Mutunga once tweeted that Dr Matiang’i could be subjected to citizen arrest even in church for disobeying court orders. “If you send Boniface Mwangi to arrest Matiang’i, he will do it,” he says with a chuckle.

Mutunga and Mr Mwangi are engaged in civil society activities. That is why he is vouching for alternative leadership across all the sectors; in politics, religion, academics… “anchored in Chapter 6.”

This “so that the pastors do not do what they are doing and that the political leadership negotiating investment on behalf of the country do so in good faith and focus on the country and not themselves,” he explains.

Alternative leadership is that “which will make sure that public goods – health, education, security, energy and transport, land and resources and water … and even internet is affordable to those at the bottom of the pyramid.”

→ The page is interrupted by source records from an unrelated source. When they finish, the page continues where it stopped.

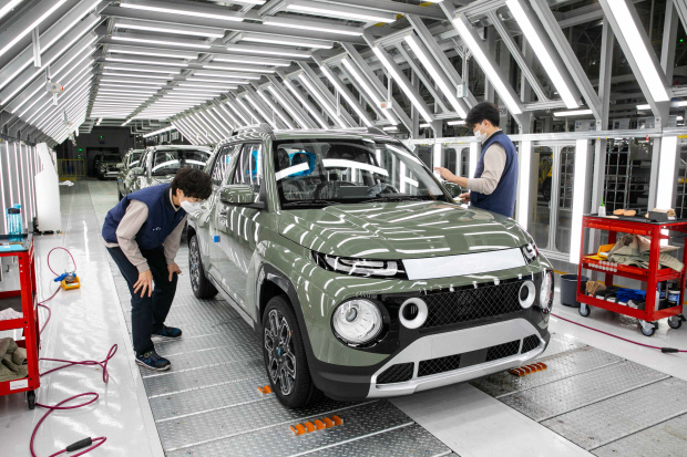 ![]() GGM 직원들이 캐스퍼를 출고하기 전 최종 검점을 하고 있다. <GGM 제공> |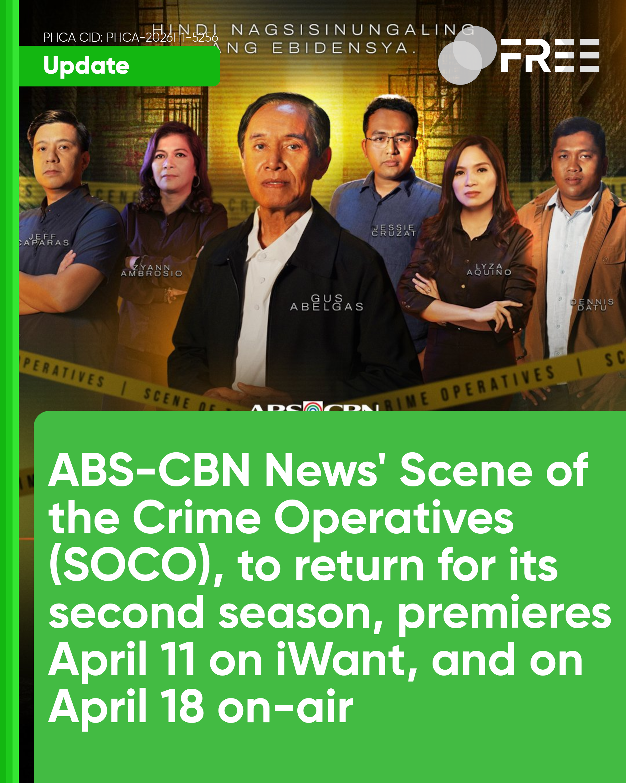The second season of the returning Kapamilya crime docu-drama series, SOCO: Scene of the Crime Operatives, is set to be released first on iWant on April 11, 2026, seven days before its on-air premiere on April 18, 2026, via Kapamilya Channel, Kapamilya Online Live, ALLTV2, and A2Z, at 17:00.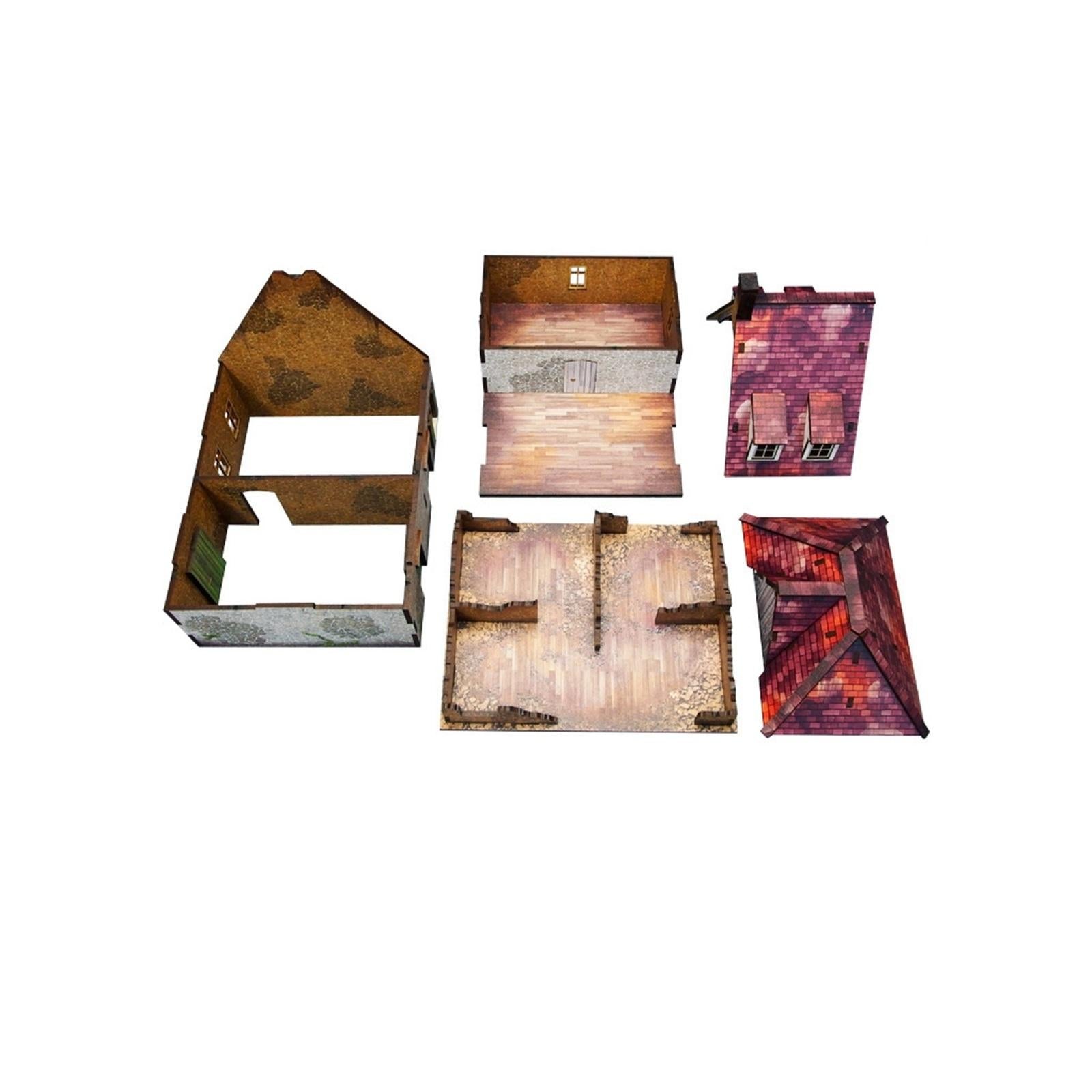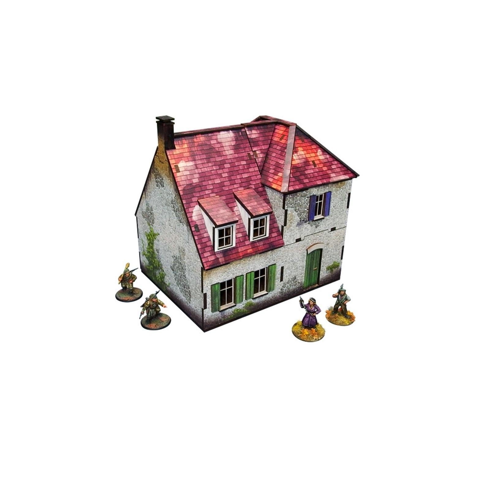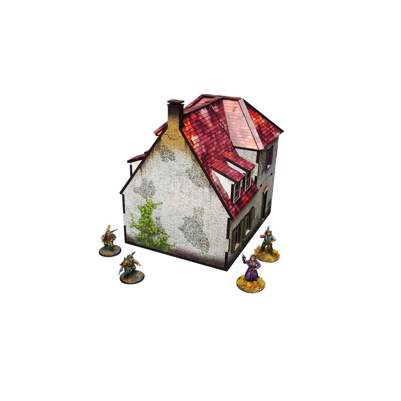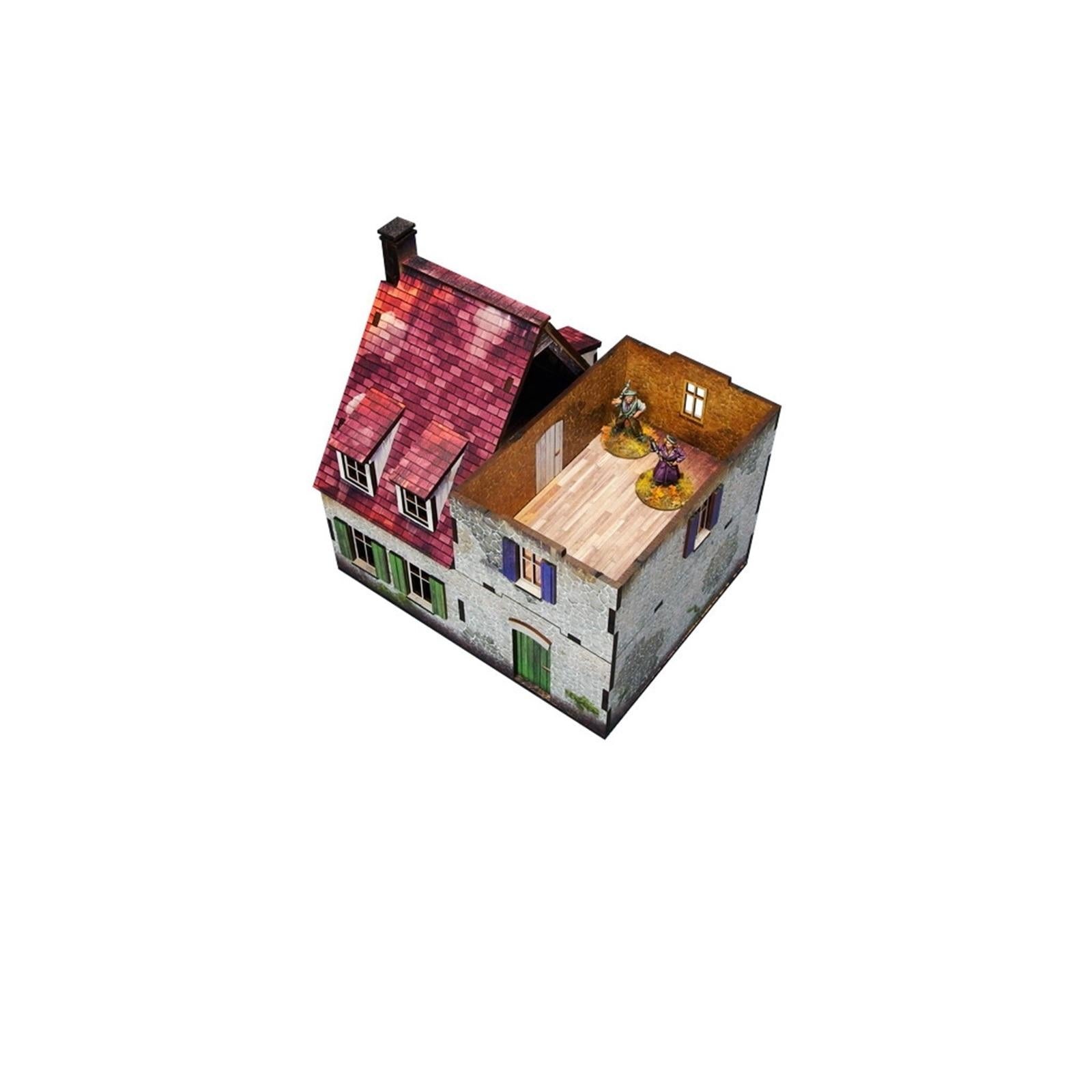 Multicolour pre-painted (UV-printed) 2-level WW2 Normandy Farmhouse building with accessible colourful interiors, removable levels, and removable ruined ground floor. Room to fit in a whole infantry squad inside. Pre-cut acrylic transparent windowpanes included. Option to assemble with open or closed shutters and doors.*Specifications:** Length: 16cm / 6,3in* Width: 12,5cm / 4,9in* Height: 15cm / 5,9in* Scale: 28–30mm / 1:56This model is delivered as a pack, unassembled and PREPAINTED.Every model is cut from one or more panels of HDF (high-density fibreboard) of 3mm and/or 1,5mm thickness.WW2 series scenery might prove demanding to assemble, dry fit parts before applying the glue to avoid mistakes. PVA (white) glue recommended._Please Note: Before taking the elements out make sure they are fully cut. There are minor connections that prevent them from falling out. Parts are secured with a layer of protection paper, please remove it gently before assembly. Tiny paint chips may occur when removing the protective layer, if this happens, use colour marker or hobby paint to mask them.__Please Note: Miniatures are not included – used for scale only._

“You need a political leadership that makes you and me know that if we died, our children would have good education, health and free energy... and a government that will control the price of unga and rent and other basic commodities, and push back against the IMF and the World Bank.”

Alternative leadership makes sure resources are not stolen or wasted, he adds. “Benchmarking, retreats and all that are conduits for ripping off the public.”

He admits that tackling trips and per diem is difficult. “I had to choose my battles well… that one I did not touch.”

Mutunga despairs at the lack of issues in the country’s politics, especially the presidential campaigns, and singles out Reuben Kigame as one introducing issues into the political discourse.

How far Kigame will go is a matter of conjecture.

Mutunga admits that this is a huge task and hopes that Makueni Governor Kivutha Kibwana will try and “create something” that will then peak in 2027, because it will culminate in a “generational alternative” of those aged under 35, who he says will demand for more from their leaders.

“I am not calling for a revolution… I am calling for the full implementation of the 2010 Constitution because in it lies that alternative leadership I am seeking.”

This is especially on issues to do with land, which he says have been mishandled to the detriment of the people and the economy. “The National Land Commission has let the country down… why didn’t they implement the Ndung’u Commission report?”

The alternative leadership will be grass-roots driven.

You will be lucky not to be affected by his belief in the 2010 Constitution. His obsession with it is akin to the common phrase: “It is what the doctor recommended.”

“The Constitution has values that have to be reflected by all leadership from across all fields; it is all encompassing.”

To him, unless we appreciate that it is all-encompassing, we will continue witnessing the tension of Judiciary pulling one way and the corporate pulling another. In his wisdom, it is the political leadership that takes control of things. It therefore falls on the politicians to show the vision of implementing the 2010 Constitution.

And hence his frustration with the disobedience of court orders. Because to him; A disobedience at the top then spreads down to the common man; a perfect recipe for chaos and disorder.”

“If President Uhuru Kenyatta obeys court orders, who else is going to disobey those orders… no DCI or chief will dare.”

Yet he is hopeful and paints a sunnier view of things.

He says Kenya is better in spite of everything and it stands at a better place than at any time before.

And singles out the freedom to sketch the President and top government officials by editorial cartoonists as one of the fruits of change not enjoyed anywhere in the region.

“Magufuli (former Tanzanian President) was never sketched and freedom of the media is not subverted.”

He says he realised that if one is consistent in articulating issues, it becomes hard to be attacked by those who don’t share your views.

Mutunga finally reveals that at no time was he called, reprimanded or requested to “go slow” in his criticism of the government or of the President.